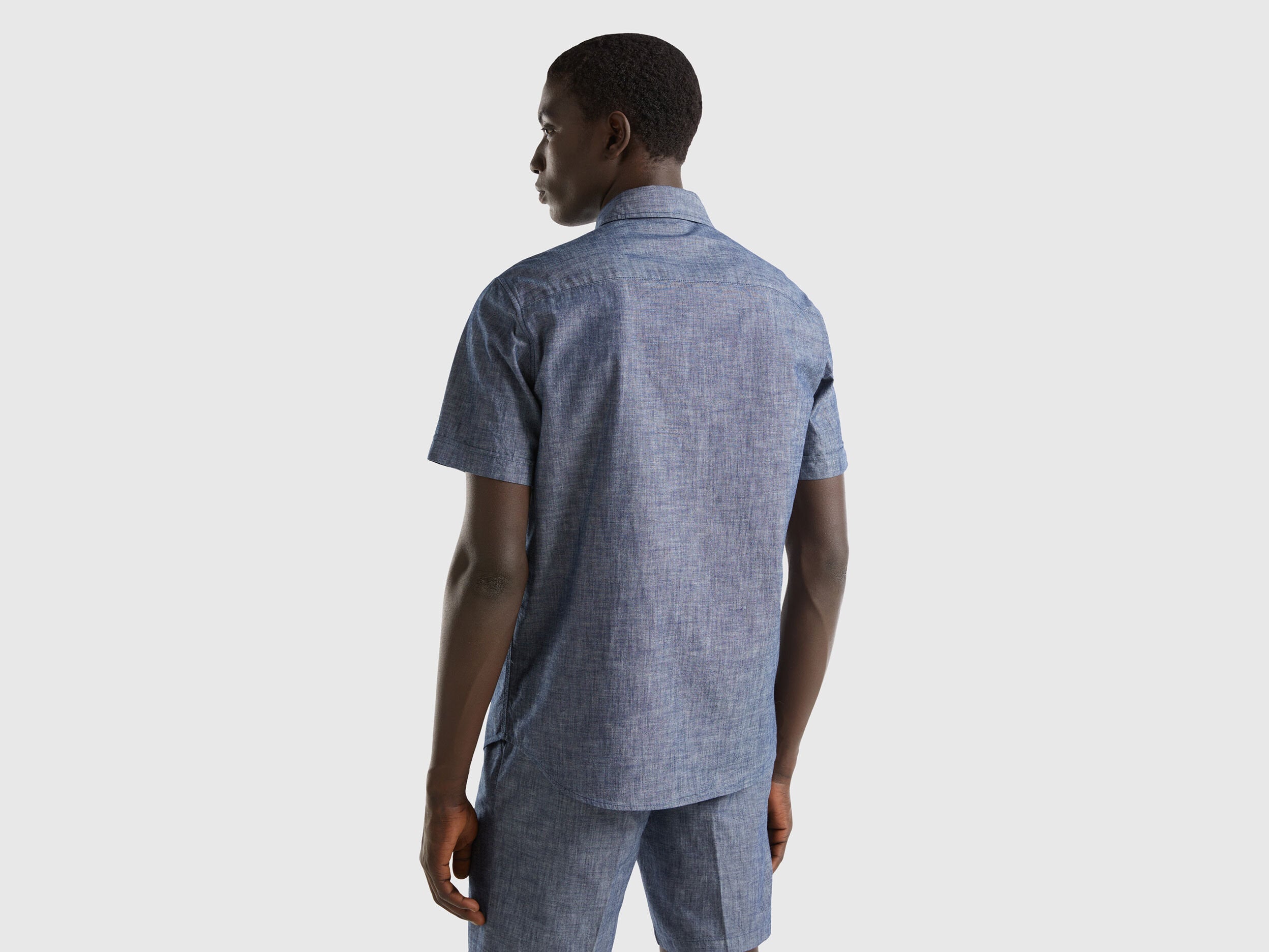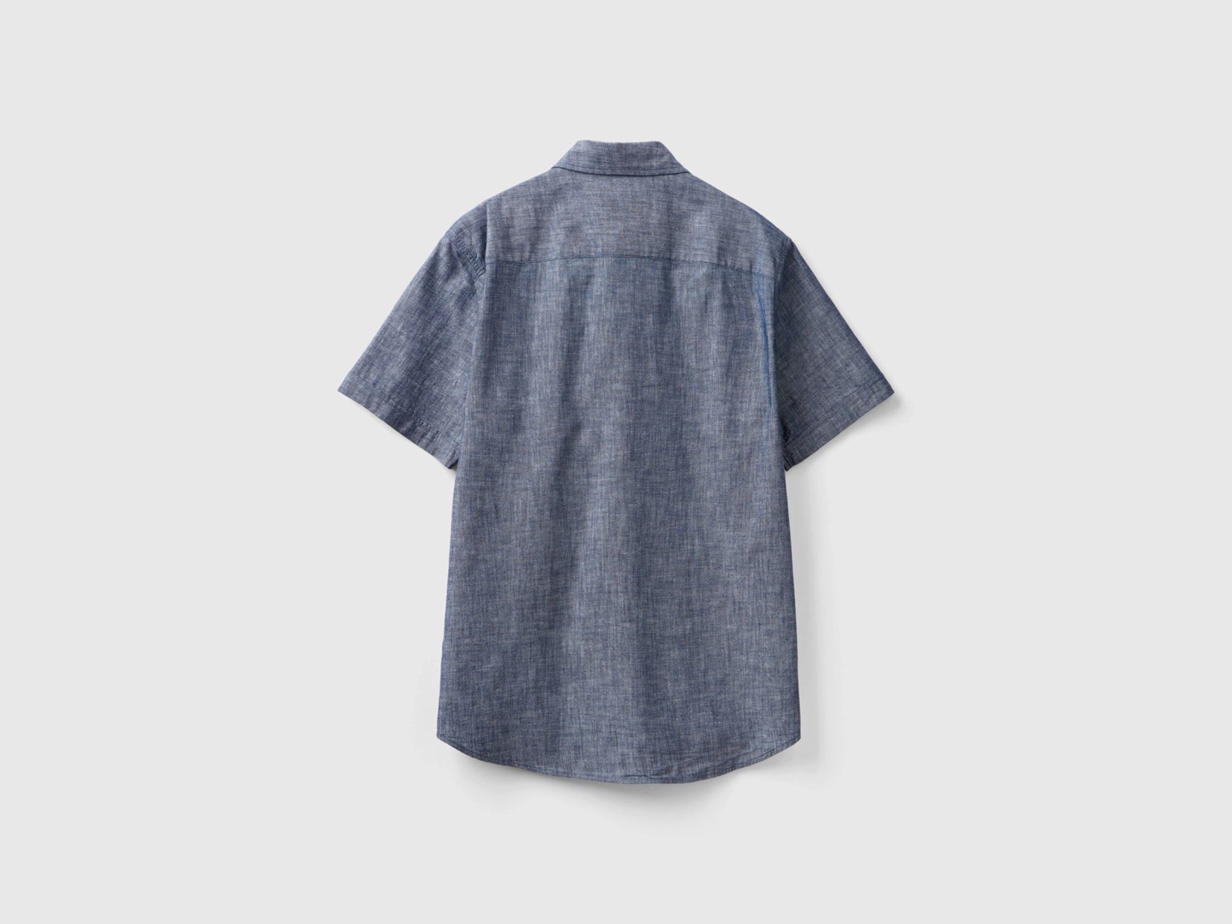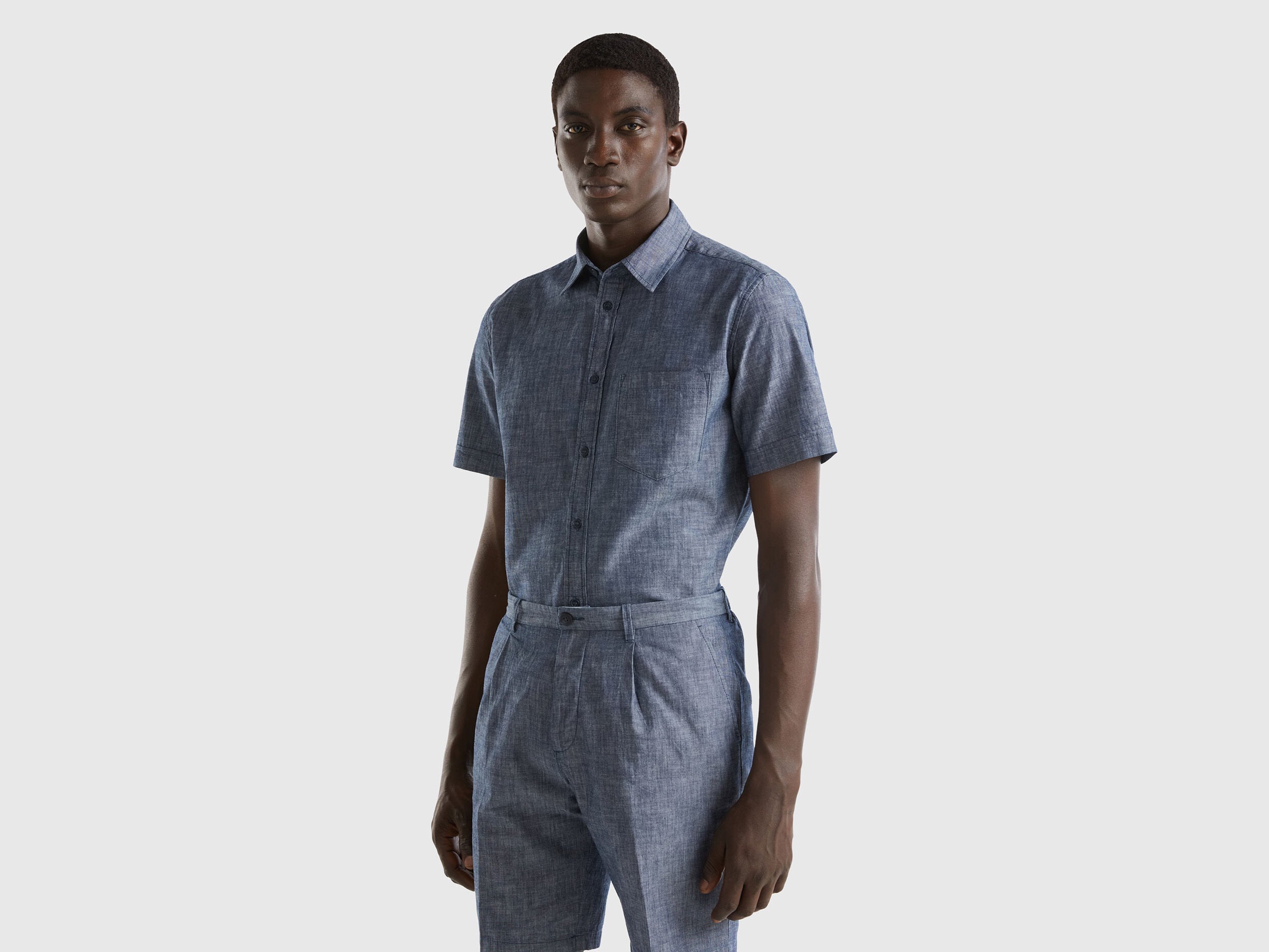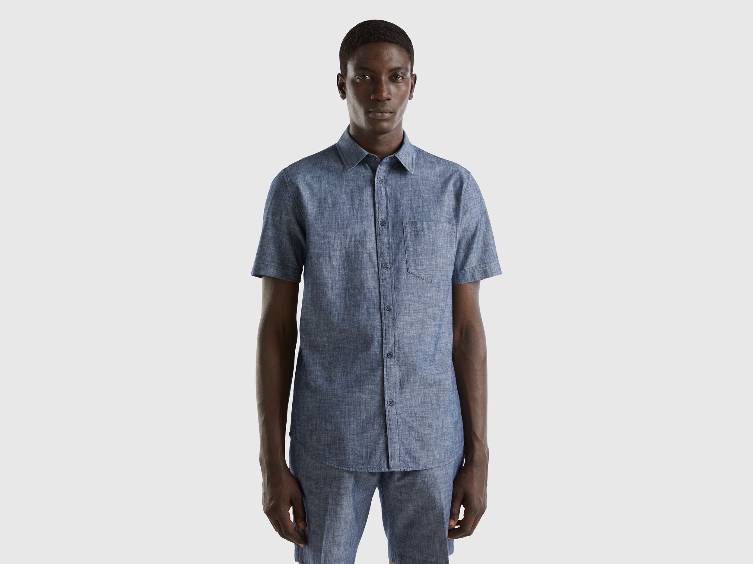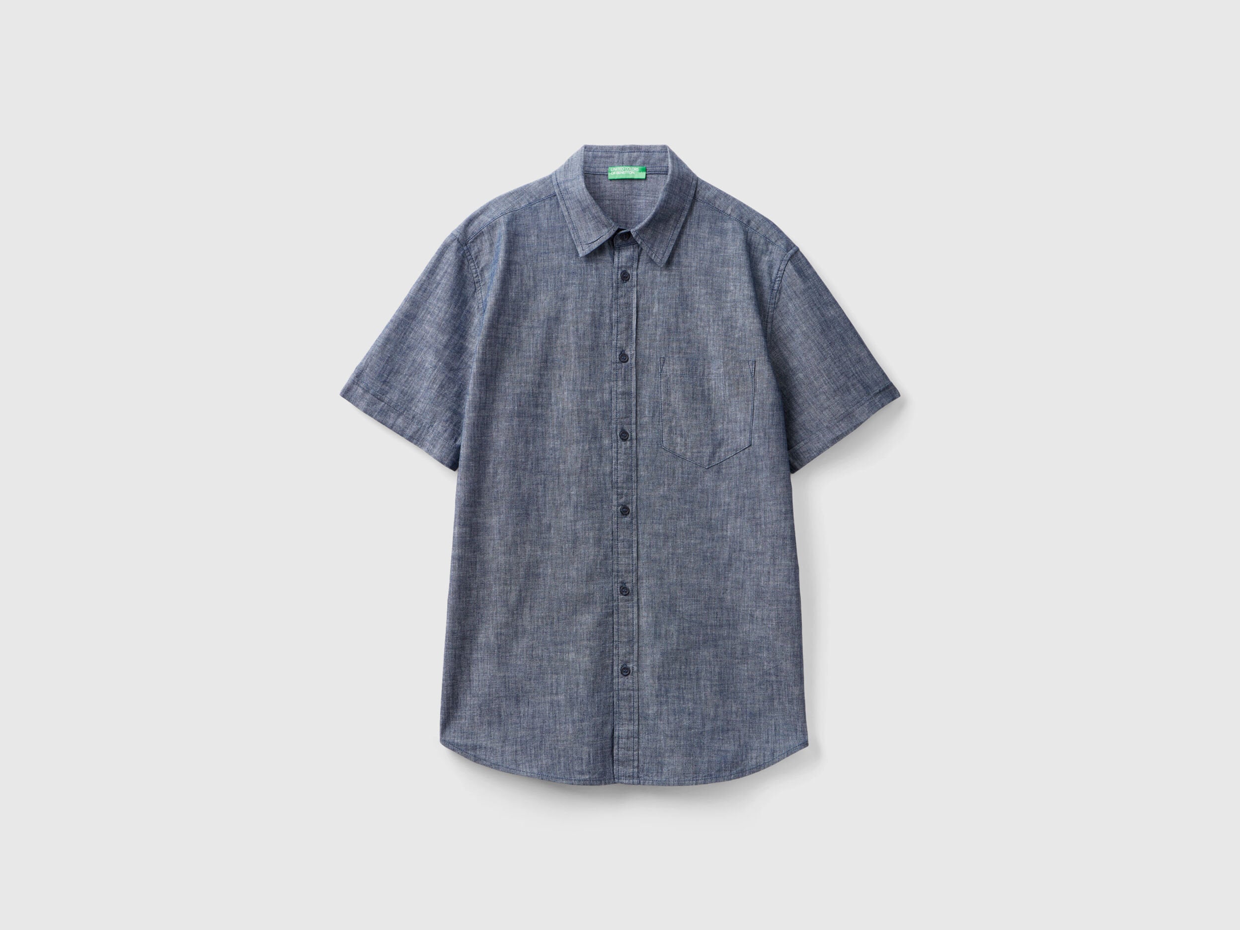 Slim fit short sleeve shirt in pure cotton chambray. Classic collar, front buttoning and breast pocket applique. Lightweight and fresh, a must-have for the summer.
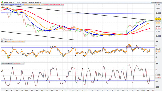 USD/JPY tests 2016 downtrendThe 2016 downtrend is being tested once again, with USD/JPY trying to succeed where yesterday’s rally to ¥104 failed. If it does push through ¥104, then the next target would be ¥106.
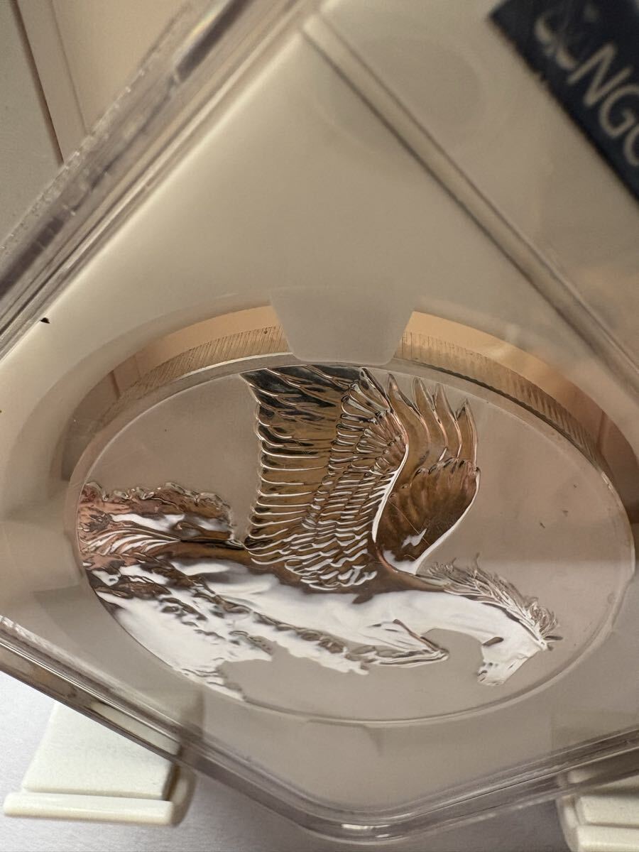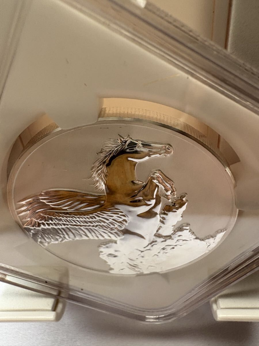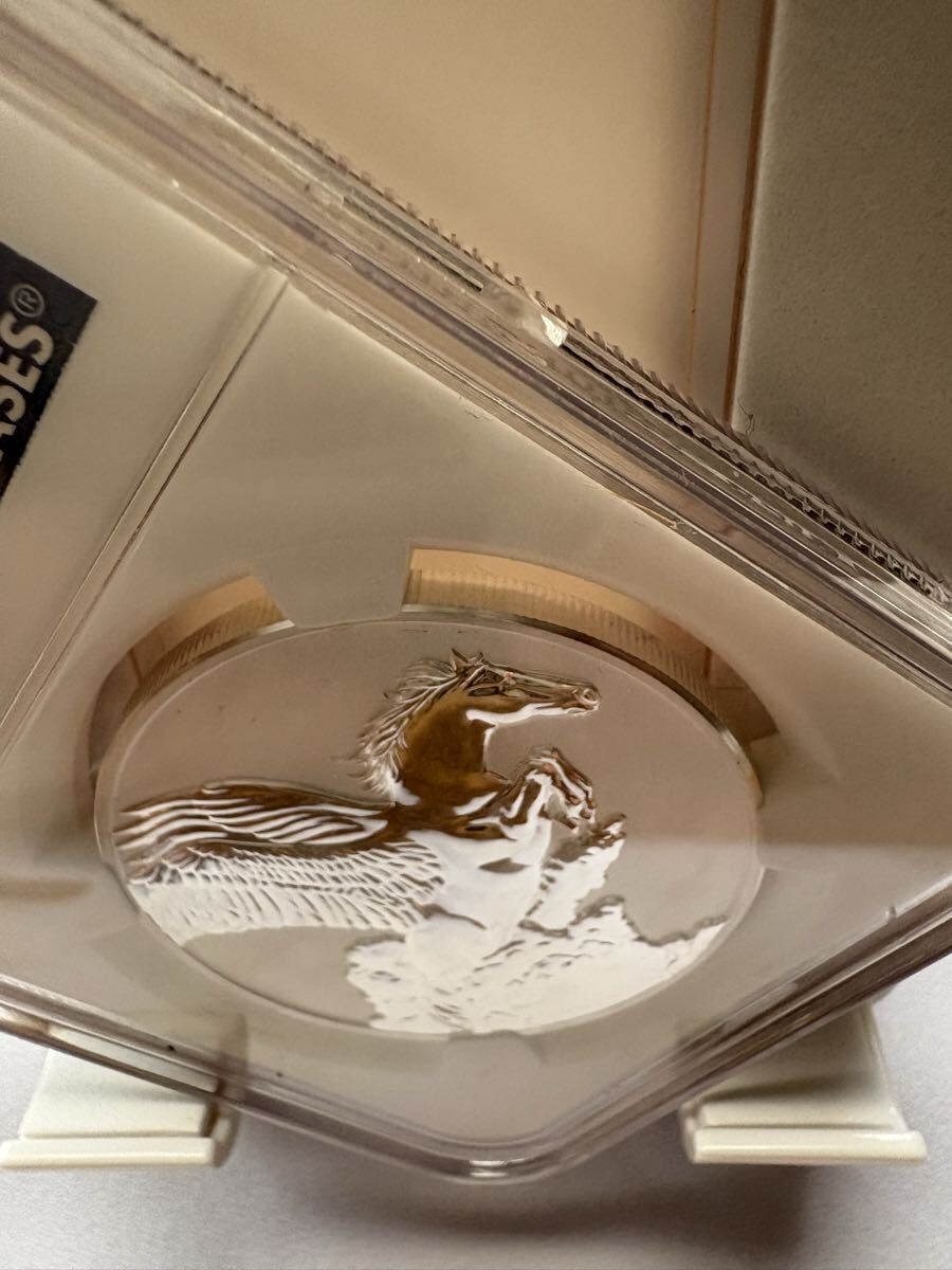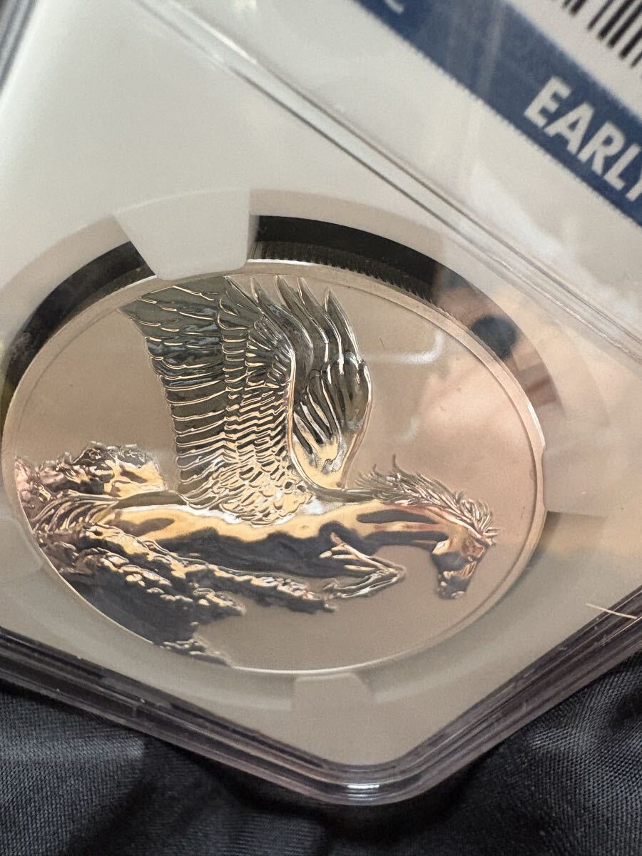 天空を駆けるペガサスの力強いデザインとTop Popという希少性 同グレード43枚 極めて価値の高いコインです

■ How to complete this task ■
Give back all of the data exactly, but not the pictures.

■ Output of the exercise ■
 Slim fit short sleeve shirt in pure cotton chambray. Classic collar, front buttoning and breast pocket applique. Lightweight and fresh, a must-have for the summer.
 USD/JPY tests 2016 downtrendThe 2016 downtrend is being tested once again, with USD/JPY trying to succeed where yesterday’s rally to ¥104 failed. If it does push through ¥104, then the next target would be ¥106.
 天空を駆けるペガサスの力強いデザインとTop Popという希少性 同グレード43枚 極めて価値の高いコインです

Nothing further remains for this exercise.